More crude oil spilled from train accidents in 2013 alone than in the previous four decades combined—an alarming number reported by McClatchy News on Monday that points towards a drastic shift in the highly toxic, yet growing, crude oil business to rail transport.

According to data from the Pipeline and Hazardous Materials Safety Administration, in the four decades that such records have been taken between 1975 to 2012, U.S. rail spilled a combined 800,000 gallons of crude oil.
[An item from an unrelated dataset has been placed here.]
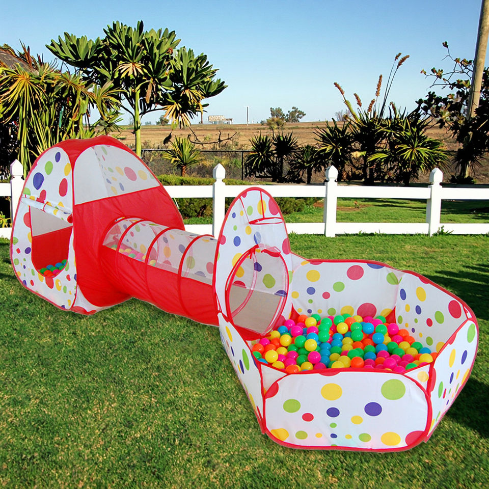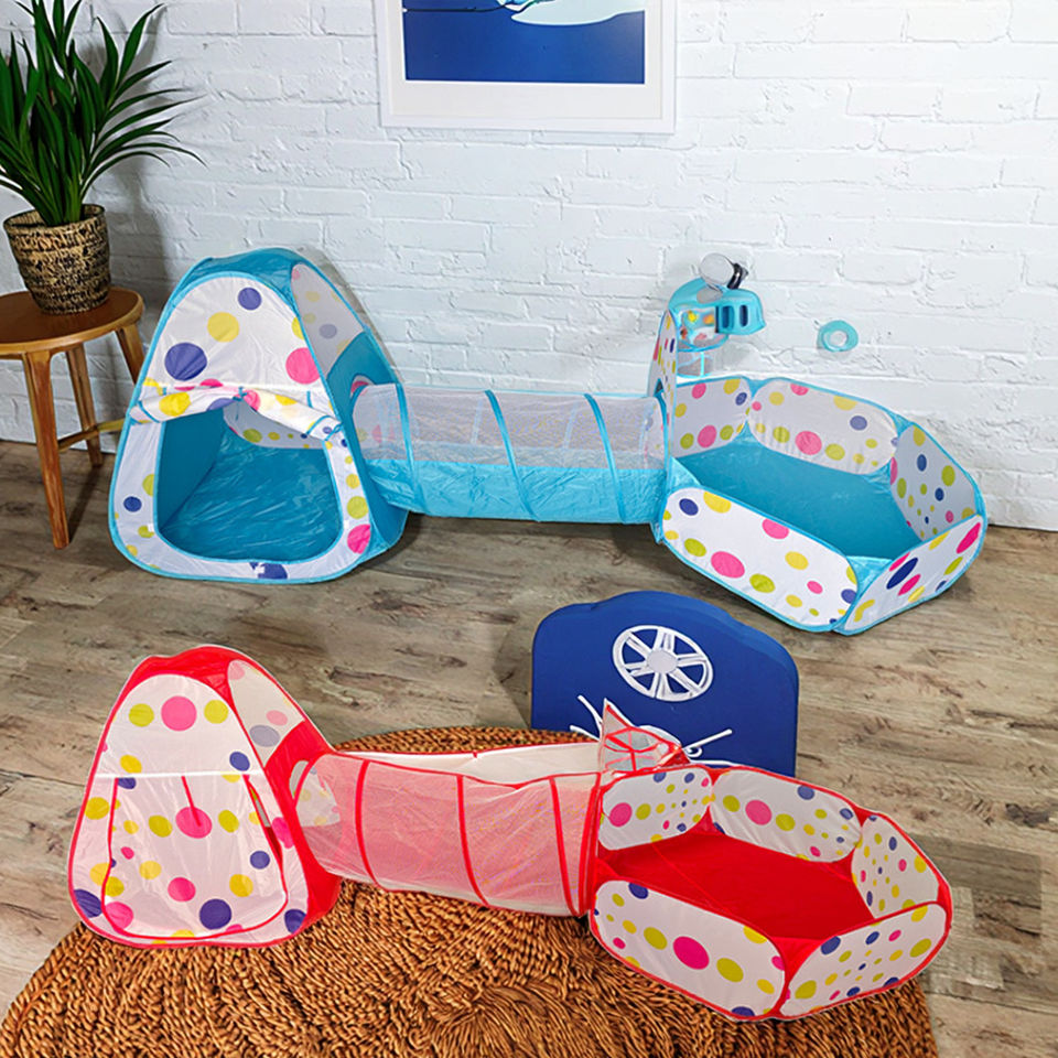 Tente de jeu pliable pour adultes 100% polyester avec tunnel pour piscine à balles océaniques, toutes saisons, voyage

This pales in comparison to the damage done in the 12 months of 2013, in which 1.15 million gallons of crude oil was spilled.

In total, U.S. railroads shipped 400,000 carloads of crude oil in 2013, or over 11.5 billion gallons.

"The spike underscores new concerns about the safety of such shipments as rail has become the preferred mode for oil producers amid a North American energy boom," McClatchy reports.

The report does not include, however, derailments in Canada of trains that originated in from the Bakken shale fields of North Dakota, such as one incident in Lac-Megantic, Quebec, on July 6, when a runaway train derailed and exploded, killing 47 people and spilling more than 1.5 million gallons of crude oil alone.

Also not included in the report is a derailment near Casselton, N.D. on Dec. 30 in which an estimated 400,000 gallons of crude oil were spilled and the town of Casselton was forced to evacuate.

In lieu of a recent series of these explosive train derailments originating from the Bakken shale fields, the federal government issued a warning this month saying that Bakken crude is "more flammable than traditional heavy crude oil."

In the latest in the series of crude derailments, on Monday a freight train carrying crude oil derailed on a bridge in Philadelphia, Pennsylvania. No leaks or injuries were reported in the derailment, which occurred near the Schuylkill River.